Start of Information

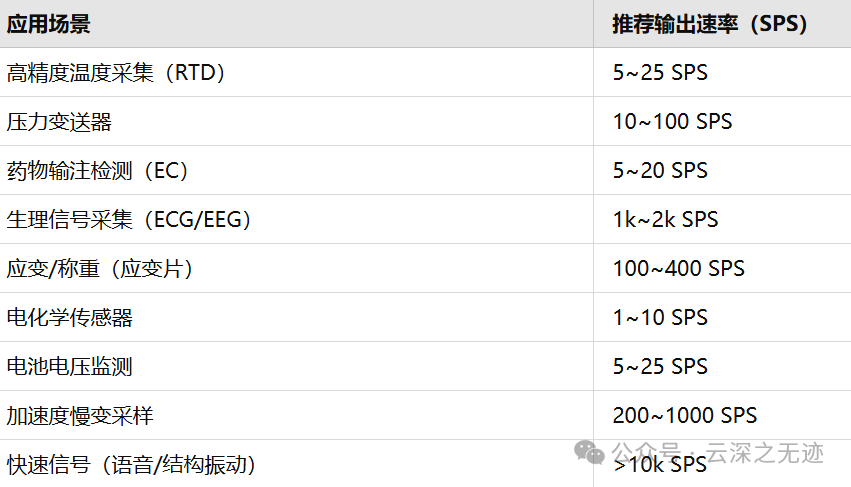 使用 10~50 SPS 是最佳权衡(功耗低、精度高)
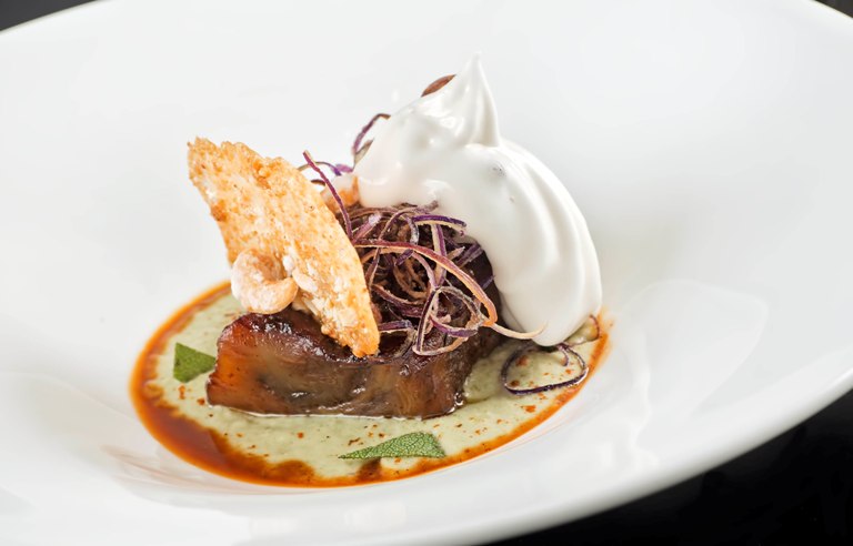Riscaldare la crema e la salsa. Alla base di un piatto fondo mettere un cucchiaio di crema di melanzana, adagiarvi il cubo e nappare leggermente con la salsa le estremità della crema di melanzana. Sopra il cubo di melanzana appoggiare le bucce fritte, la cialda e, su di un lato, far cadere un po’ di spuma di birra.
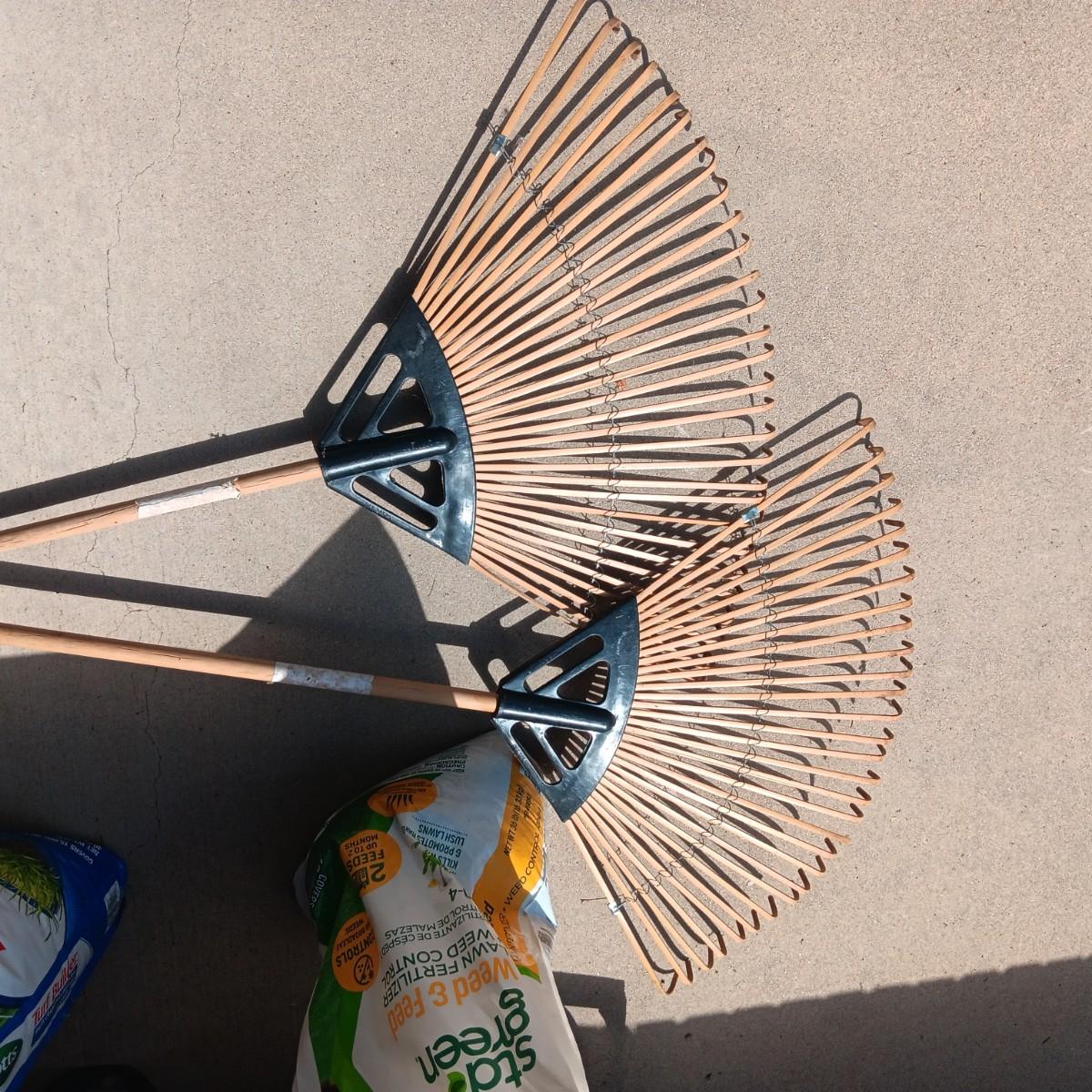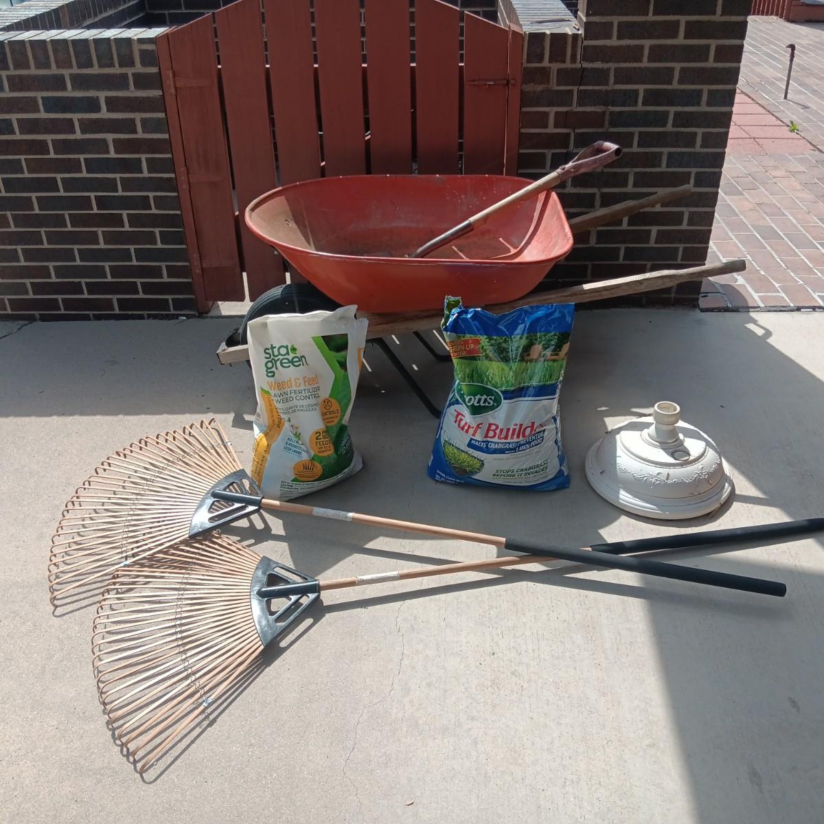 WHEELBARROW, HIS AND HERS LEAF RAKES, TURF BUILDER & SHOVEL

End of Information
Start of Information

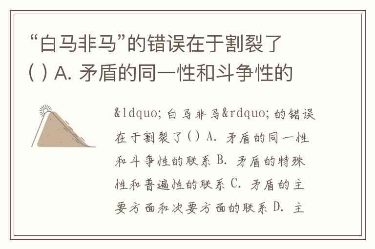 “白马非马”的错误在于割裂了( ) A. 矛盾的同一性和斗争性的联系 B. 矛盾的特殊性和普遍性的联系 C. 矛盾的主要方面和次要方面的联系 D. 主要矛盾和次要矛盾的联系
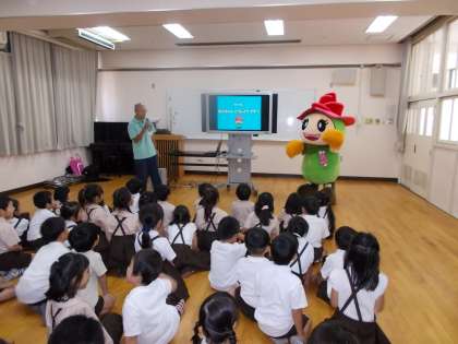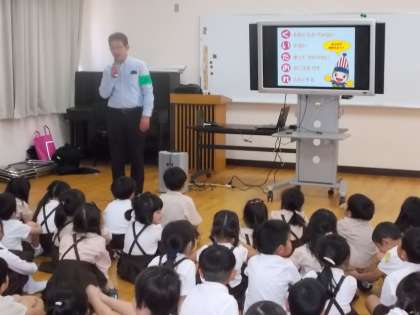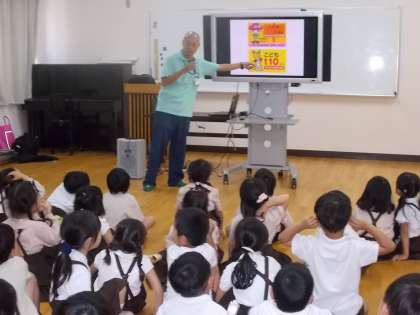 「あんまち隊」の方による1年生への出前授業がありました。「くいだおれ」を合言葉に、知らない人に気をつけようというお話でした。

End of Information

*Problem requirements*: Could you write out exactly the lines of the data above that run from the one holding "使用 10~50 SPS 是最佳权衡(功耗低、精度高)" to the one holding "WHEELBARROW, HIS AND", with both ends in and all pictures out?

*Exercise result*:
 使用 10~50 SPS 是最佳权衡(功耗低、精度高)
Riscaldare la crema e la salsa. Alla base di un piatto fondo mettere un cucchiaio di crema di melanzana, adagiarvi il cubo e nappare leggermente con la salsa le estremità della crema di melanzana. Sopra il cubo di melanzana appoggiare le bucce fritte, la cialda e, su di un lato, far cadere un po’ di spuma di birra.
 WHEELBARROW, HIS AND HERS LEAF RAKES, TURF BUILDER & SHOVEL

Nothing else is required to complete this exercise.